Novel design of lubricant-type vacuum distillation process for lube base oils production from hydrocracking tail oil

Abstract

Dividing-wall columns (DWCs) are widely used in the separation of ternary mixtures, but rarely seen in the separation of petroleum fractions. This work develops two novel and energy-efficient designs of lubricant-type vacuum distillation process (LVDP) for the separation of hydroisomerization fractions (HIF) of a hydrocracking tail oil (HTO). First, the HTO hydroisomerization reaction is investigated in an experimental fixed-bed reactor to achieve the optimum liquid HIF by analyzing the impact of the operating conditions. A LVDP used for HIF separation is proposed and optimized.

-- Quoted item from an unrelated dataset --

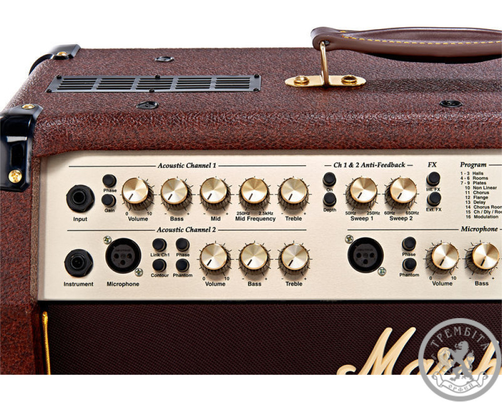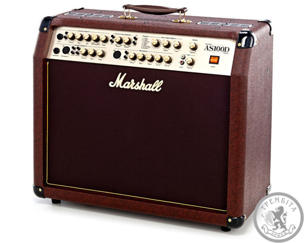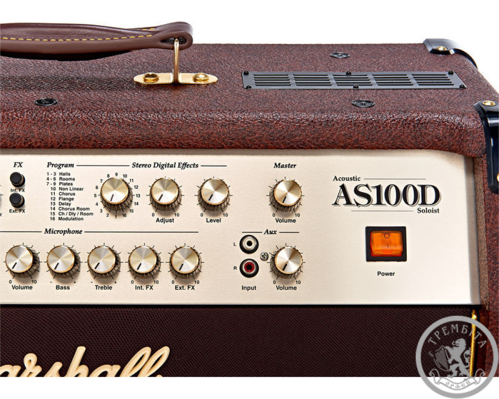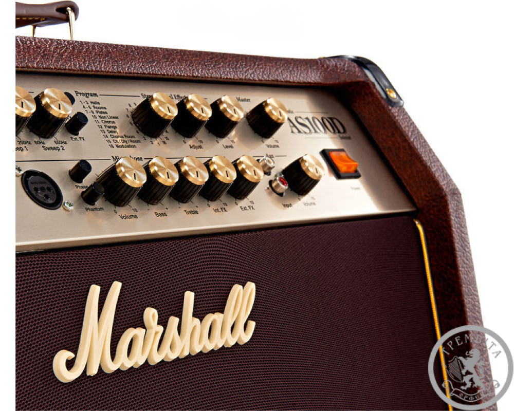 MARSHALL AS100D 100W ACOUSTIC SOLOIST COMBO представляет собой двухканальный комбоусилитель для электроакустической гитары. Комбо является идеальным выбором для практикующих музыкантов и гитаристов. Схема электроники и гитарные динамики с двумя ВЧ-твитерами были специально разработаны для того, чтобы передать качественное звучание электроакустической гитары и вокала. Двухканальный комбоусилитель имеет мощность в 100 Ватт, которых достаточно для озвучивания большого репетиционной комнаты, сцены или рок-клуба. Комбоусилитель оборудован двумя динамиками размеров 8 дюймов каждый и двумя ВЧ-твитерами для более качественного звучания весомых частот. В комбо есть секция эффектов из 16 лучших пресетов, включая различные типы Chorus (а) и Reverb. Секция эффектов в режиме стерео значительно обогащают звучание этого усилителя.
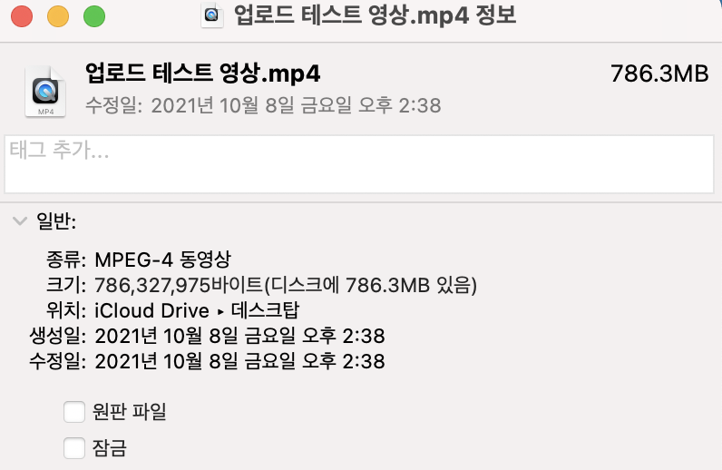 와이파이 연결의 경우에는 약 780MB의 파일을 업로드하는데 6분 정도의 시간이 소요되었고요. 아이폰 핫스팟을 연결했을 경우에는 동일 파일을 업로드하는데 약 18분~20분정도의 시간이 소요되었습니다.

Subsequently, two thermal coupling intensified technologies, including side-stream (SC) and dividing-wall column (DWC), are combined with the LVDP to develop side-stream vacuum distillation process (SC-LVDP) and dividing-wall column vacuum distillation process (DWC-LVDP). The performance of LVDP, SC-LVDP, and DWC-LVDP are evaluated in terms of energy consumption, capital cost, total annual cost, product yields, and stripping steam consumption. The results demonstrates that the intensified processes, SC-LVDP and DWC-LVDP significantly decreases the energy consumption and capital cost compared with LVDP. DWC-LVDP further decreases in capital cost due to the removal of the side stripper and narrows the overlap between the third lube oils and fourth lube oils. This study attempts to combine DWC structure into the separation of petroleum fractions, and the proposed approach and the results presented provide an incentive for the industrial implementation of high-quality utilization of HTO through intensified LVDP.